In October 2024, the Division I Council reduced transfer windows in football and basketball to a total of 30 days. For FBS and FCS football, the fall window opened for 20 days, starting on the Monday after FBS conference championship games. Participants in postseason play (Note: The College Football Playoff and bowl games in FBS, and the playoffs and Celebration Bowl in FCS.) had a 5-day window that opened on the day after each team's final game. A 10-day spring window opened in mid-April. In men's and women's basketball, a single 30-day window opens on the day after the second round of each Division I tournament concludes. The existing exceptions regarding head coaching changes, a loss of athletic aid, or the discontinuation of a team remained in place.

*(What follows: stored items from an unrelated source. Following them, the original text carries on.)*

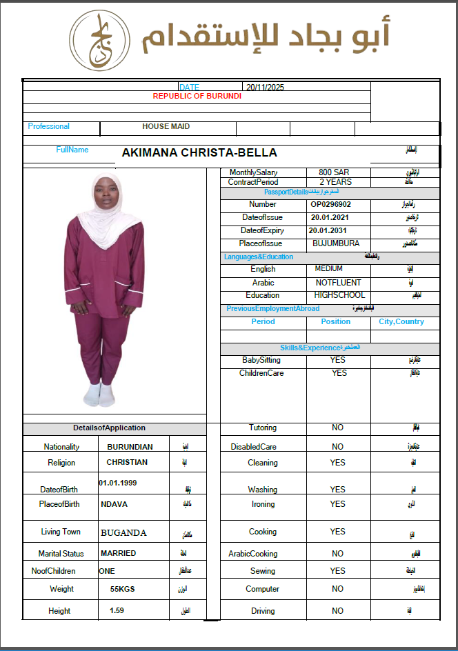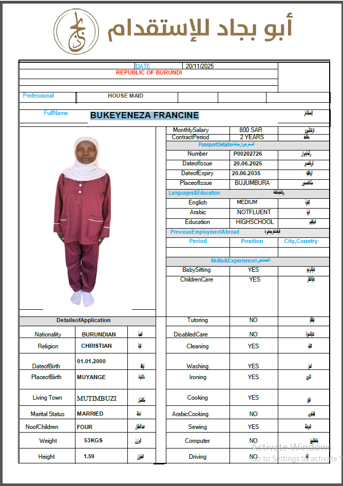 الجنسية : بوروندي
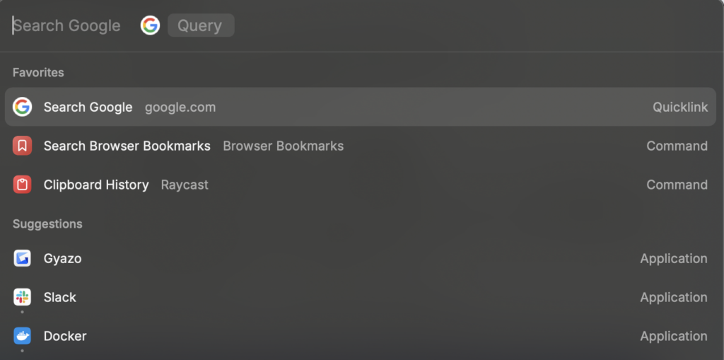 ※ こちらのRaycastはMacの標準機能であるSpotlightの自由度を高めたようなアプリになります。
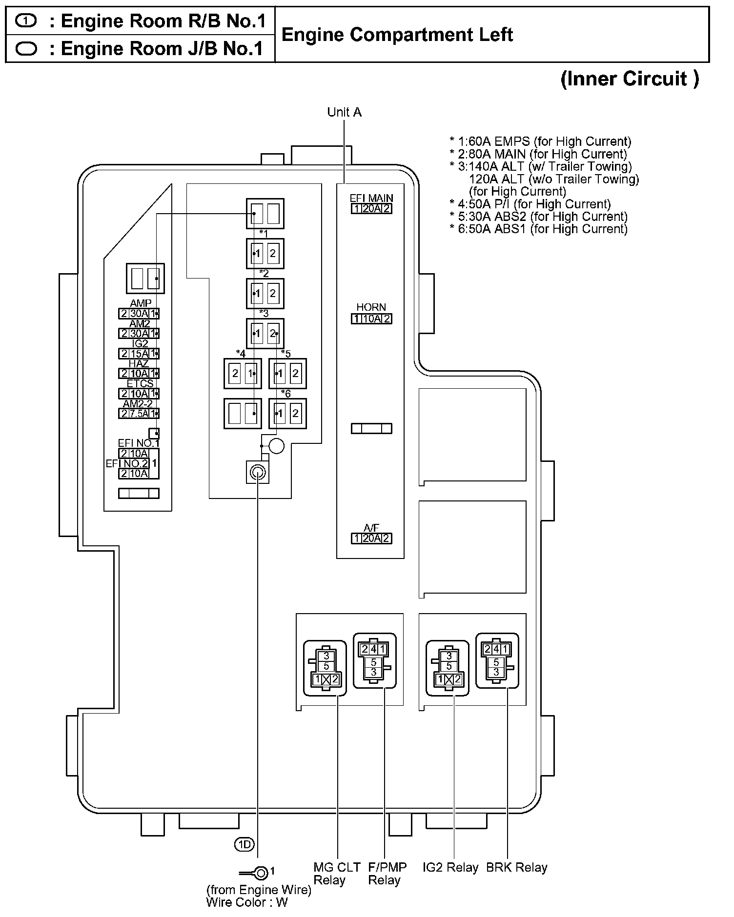 Engine Room R/B No.1, J/B No.1 - Engine Compartment Left:

Almost exactly a year later, Division I adopted more significant changes to the football transfer portal for both FBS and FCS. The previous two windows were abolished and replaced by a single window that opens from January 2–16. Participants in the College Football Playoff National Championship—the only game in FBS or FCS played after the closure of the new window—receive a 5-day window that opens on the day after that game. The window for players undergoing a head coaching change was also reduced. A new window of 15 days opens five calendar days after the hiring or public announcement of a new head coach. Should a school fail to hire or publicly announce a new head coach within 30 days after the previous coach's departure, the window will open on the 31st day after departure, provided that the 31st day is no earlier than January 3. This particular window, also open for 15 days, may open at any time before June 30. No change was announced to the exceptions for those affected by a loss of athletic aid or the discontinuation of a team.

== Impact on high school recruiting ==
Effective July 1, 2025, the NCAA Division I Board of Directors implemented new DI roster limits following the court-approved House settlement. Additionally, according to the NCAA, "NCAA rules for Division I programs will no longer include sport-specific scholarship limits."

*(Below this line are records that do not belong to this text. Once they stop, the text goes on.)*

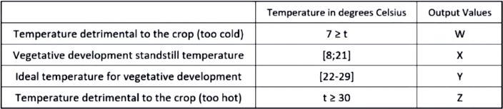 When the system establishes that the average temperature is within a specific range, it emits a value that will be used to monitor and control the crop.
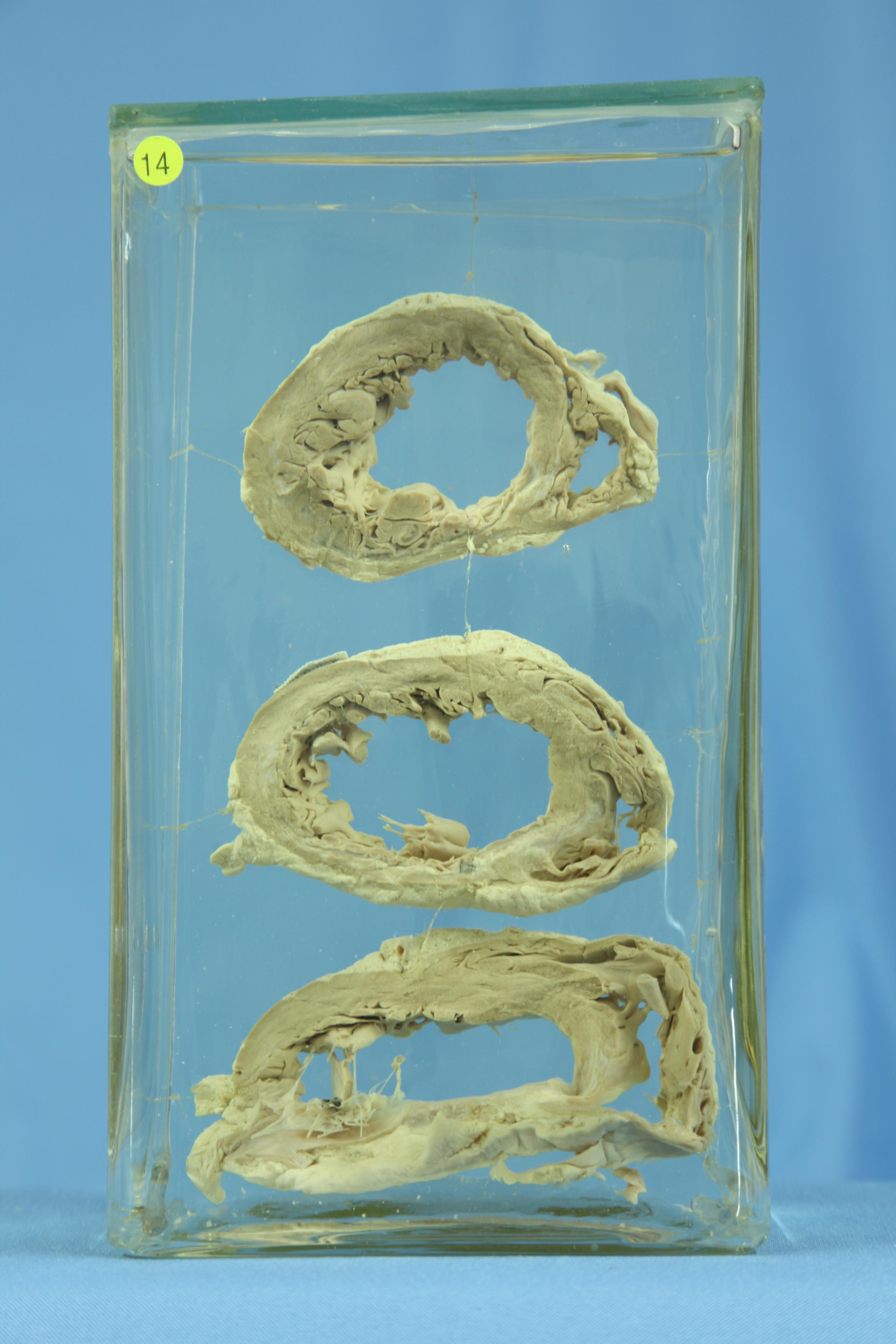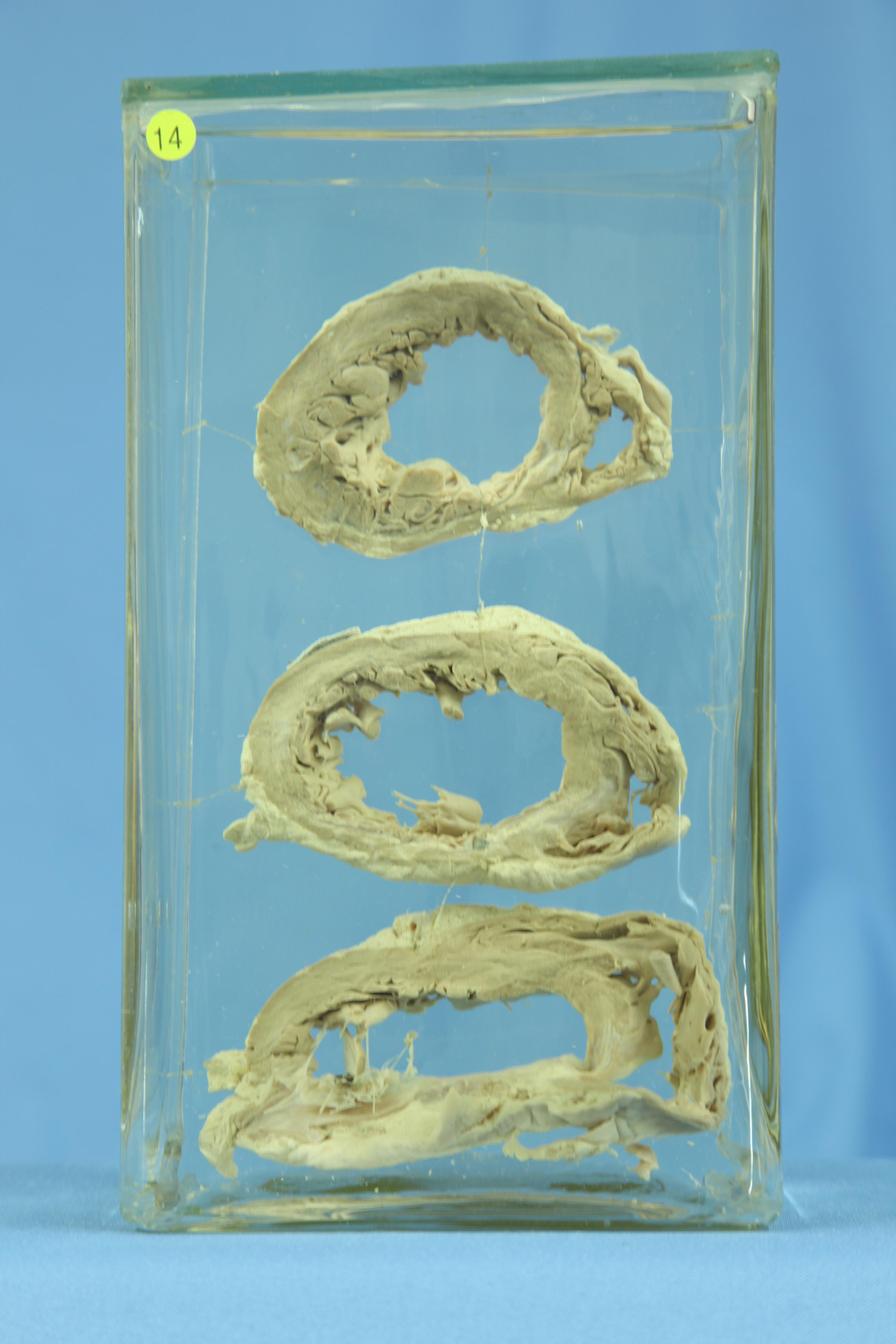 患者男性,76岁, 长期冠心病病史. 标本为三片心脏水平切片。横断面显示左心室心肌变薄,注意左心室心肌中可找到灰白色细条纹状纤维化,为陈旧性心肌梗死灶,心腔扩张。
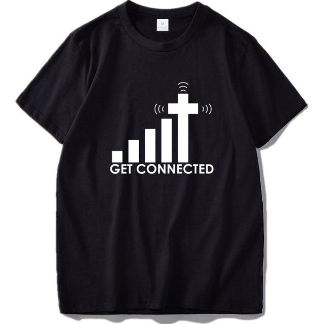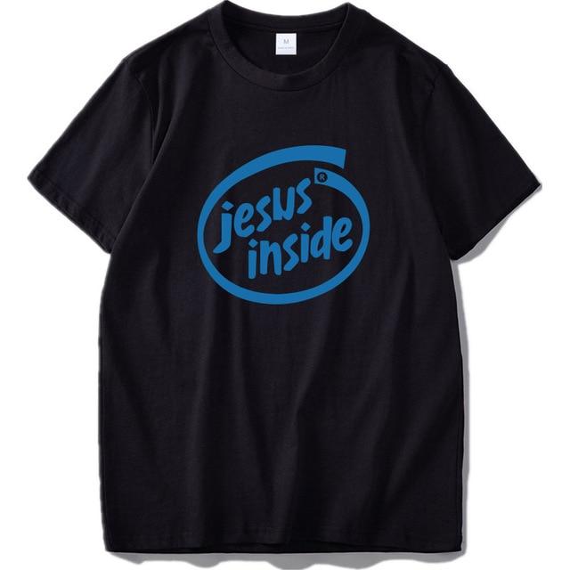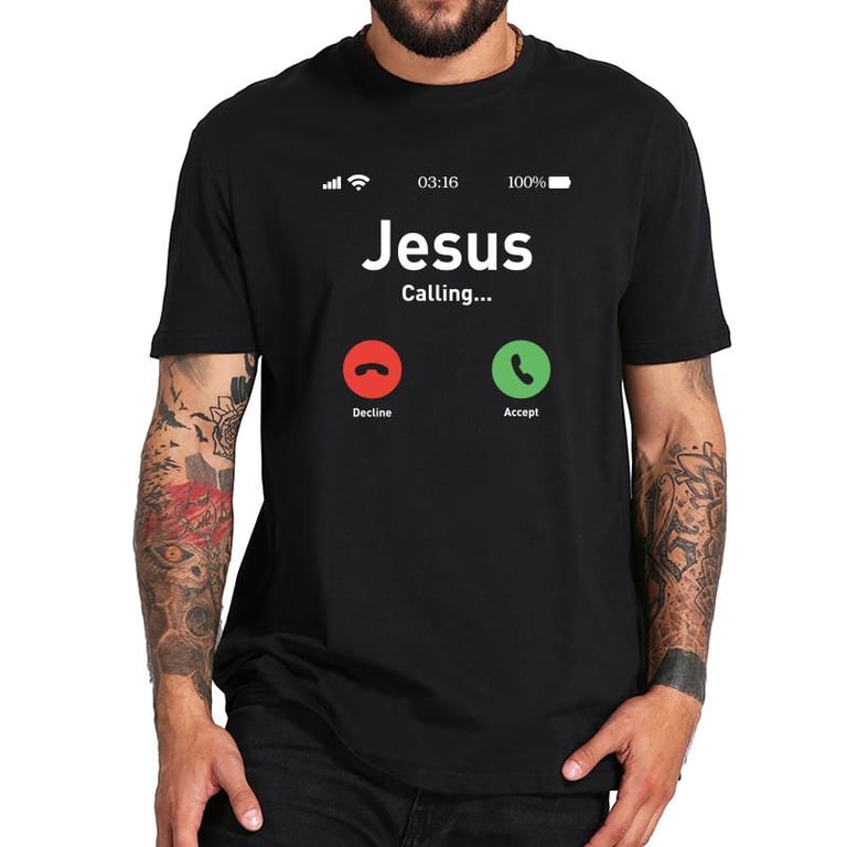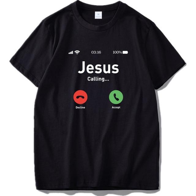 T-shirts featuring Jesus in various designs. Short sleeves with a round neck and comfortable cotton material.

As a result, many top Division I programs, especially those in power conferences, are relying heavily on the transfer portal to bring in conference- and national-level student-athletes. This shift in recruiting focus has already been exemplified across Division I men's and women's track and field especially, beginning in the recruitment cycle for 2025 college entries. Track and field coaches formerly managing rosters of 120-plus (60-plus men and 60-plus women) are now limited to 45 per side for a total of 90 roster spots across men's and women's track and field, meaning they are recruiting fewer student-athletes out of high school and more immediately impactful scholarship-worthy student-athletes via the transfer portal. Roster limits for track and field teams are even more stringent in the Southeastern Conference (SEC): 35 men and 35 women.

For high school track and field athletes seeking opportunities with top DI programs, they no longer need to display potential to be point-scorers, but demonstrate the ability to contribute immediately, often by competing at a level aligned with conference scoring standards.